*Your assignment:* Transcribe exactly the lines from the top of the records below through the line that holds "Featuring an off-white", both included, with no pictures.

Segment Start: Entries supplied

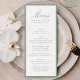 This wedding menu is styled with soft sage green calligraphy for the “Menu” heading, complemented by refined serif text for the names, date, and dining selections. The muted green border creates a calm, organic contrast against the white background, making it especially well-suited for botanical, garden, and romantic wedding themes. The airy color palette and structured layout provide a graceful way to present your reception menu while keeping the overall look light and elegant.
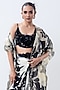 Featuring an off-white jacket in crepe, satin, organza and lycra base with print. It is paired with a printed skirt having french knot detail and a black strappy sequins blouse. Accentuate it with statement earrings and elegant heels for a stylish ensemble, ideal for cocktail evenings.
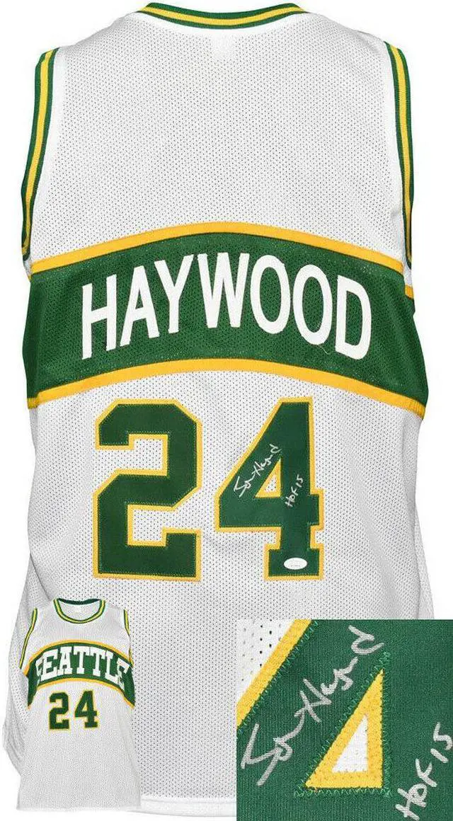 This is a new, in stock, Spencer Haywood signed Seattle White Unlicensed Custom Stitched pro Basketball Jersey with HOF 15 inscription with fully stitched twill numbers on the front and back, there are NO LICENSED TEAM LOGOS, TAGS, BRAND NAMES or PATCHES ON THIS JERSEY & IS NOT AN AUTHENTIC OFFICIALLY LICENSED JERSEY, 100% polyester, made in the Philippines. Size XL (48/50). JSA Witnessed Authentication Sticker with JSA Certificate of Authenticity
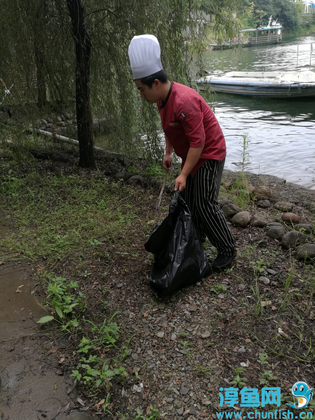 千岛湖鱼味馆渔人码头店对沿湖垃圾进行清理
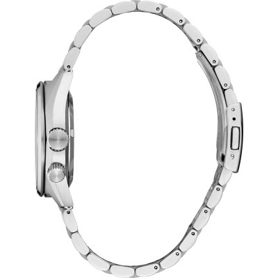 This Seiko watch has a case made of stainless steel with a diameter of 39 mm and is fitted with a stainless steel band. Inside the case lies a Seiko movement and the watch features a Single anti-reflective sapphire crystal.
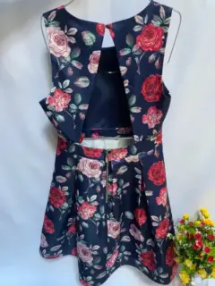 Vestido en tafeta satinada pinza de busto en corte francés. corte en cintura decoración de cinta, falda del vestido tablada y acampanada. En espalda presenta una abertura en triángulo desde el escote de la espalda Cierre de metal dorado en la espalda baja del vestido. Presenta una ligera rasgaduras superficial en la parte izquierda inferior de la falda.ultima foto Marca: MAIN STRIPTalla:L
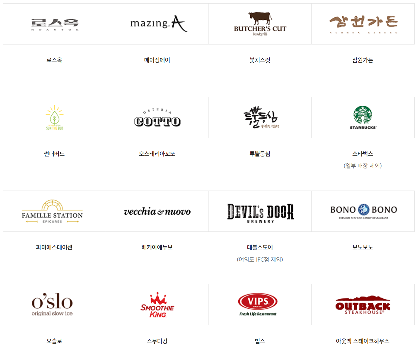 - 앰배서더 서울 풀만(연회장, 웰니스센터 및 멤버십 사용 제외)
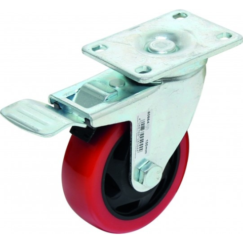 Piros-fekete poliuretán kerék;Fékes kivitel.További adatok:Max. teherbírás:100 kgKerekek átmérője:100 mmRögzítőfuratok távolsága:95x67 mmMagasság:126 mm
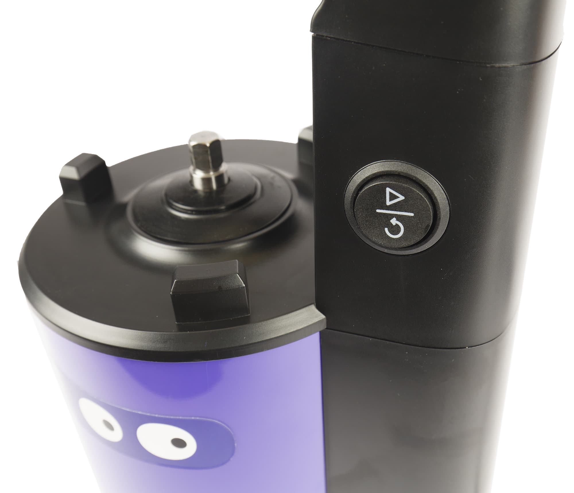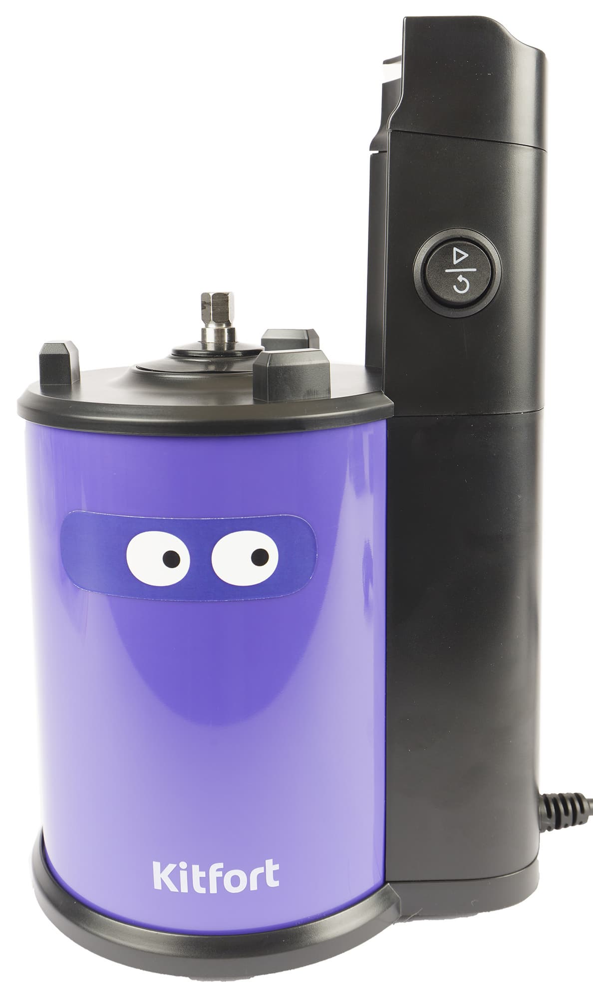 Моторный блок Kitfort KT-1129 с забавной наклейкой-глазками выполнен из черного пластика с фиолетовой металлической накладкой.

Segment End: Entries supplied

*Your response:*
 This wedding menu is styled with soft sage green calligraphy for the “Menu” heading, complemented by refined serif text for the names, date, and dining selections. The muted green border creates a calm, organic contrast against the white background, making it especially well-suited for botanical, garden, and romantic wedding themes. The airy color palette and structured layout provide a graceful way to present your reception menu while keeping the overall look light and elegant.
 Featuring an off-white jacket in crepe, satin, organza and lycra base with print. It is paired with a printed skirt having french knot detail and a black strappy sequins blouse. Accentuate it with statement earrings and elegant heels for a stylish ensemble, ideal for cocktail evenings.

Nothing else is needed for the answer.